### Provided data
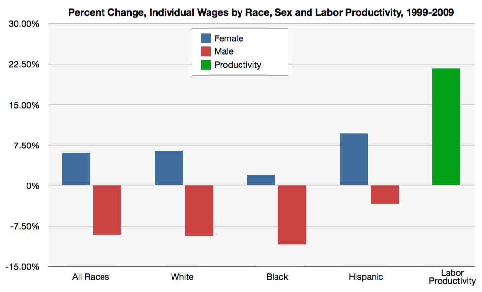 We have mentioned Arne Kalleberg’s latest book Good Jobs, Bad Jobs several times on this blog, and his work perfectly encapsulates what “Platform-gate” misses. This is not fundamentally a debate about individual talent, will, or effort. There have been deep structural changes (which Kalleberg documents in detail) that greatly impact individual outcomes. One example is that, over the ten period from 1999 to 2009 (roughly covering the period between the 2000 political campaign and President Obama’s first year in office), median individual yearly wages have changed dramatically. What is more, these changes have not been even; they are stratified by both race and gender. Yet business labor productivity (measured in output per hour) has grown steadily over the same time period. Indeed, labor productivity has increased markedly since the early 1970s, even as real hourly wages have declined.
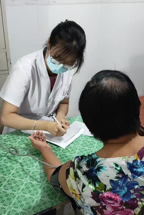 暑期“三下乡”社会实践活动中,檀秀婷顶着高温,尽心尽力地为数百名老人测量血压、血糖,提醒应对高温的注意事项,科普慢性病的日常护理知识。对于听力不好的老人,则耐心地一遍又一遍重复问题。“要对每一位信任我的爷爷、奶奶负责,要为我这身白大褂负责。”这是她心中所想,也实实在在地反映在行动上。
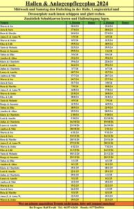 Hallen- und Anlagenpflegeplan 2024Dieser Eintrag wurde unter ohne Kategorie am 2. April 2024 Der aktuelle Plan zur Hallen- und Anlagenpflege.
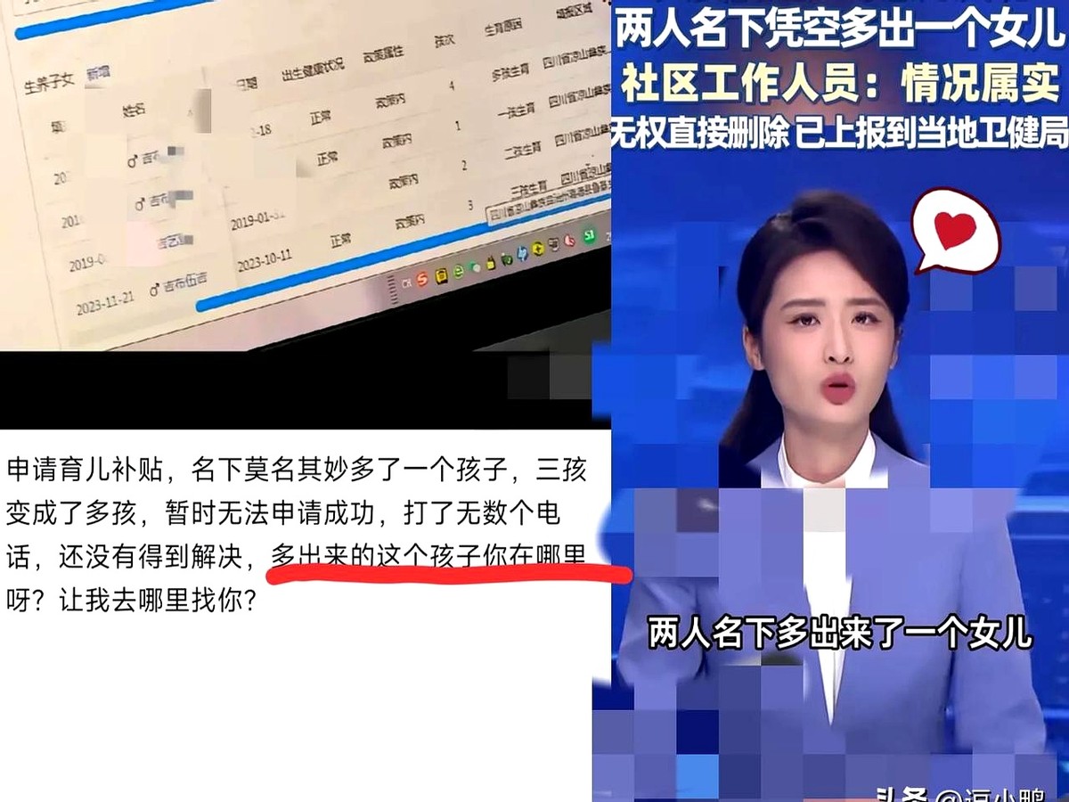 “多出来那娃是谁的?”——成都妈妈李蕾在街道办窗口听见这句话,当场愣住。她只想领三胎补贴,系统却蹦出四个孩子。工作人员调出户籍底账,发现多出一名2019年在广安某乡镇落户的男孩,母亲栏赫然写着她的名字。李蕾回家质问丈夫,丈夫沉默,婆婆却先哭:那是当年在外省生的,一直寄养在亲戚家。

### Try it
Take the line containing "Hallen- und Anlagenpflegeplan" as the first line and the last line of the data above as the final one, and output exactly the lines between them, inclusive, with no pictures.

### Solution to the problem
 Hallen- und Anlagenpflegeplan 2024Dieser Eintrag wurde unter ohne Kategorie am 2. April 2024 Der aktuelle Plan zur Hallen- und Anlagenpflege.
 “多出来那娃是谁的?”——成都妈妈李蕾在街道办窗口听见这句话,当场愣住。她只想领三胎补贴,系统却蹦出四个孩子。工作人员调出户籍底账,发现多出一名2019年在广安某乡镇落户的男孩,母亲栏赫然写着她的名字。李蕾回家质问丈夫,丈夫沉默,婆婆却先哭:那是当年在外省生的,一直寄养在亲戚家。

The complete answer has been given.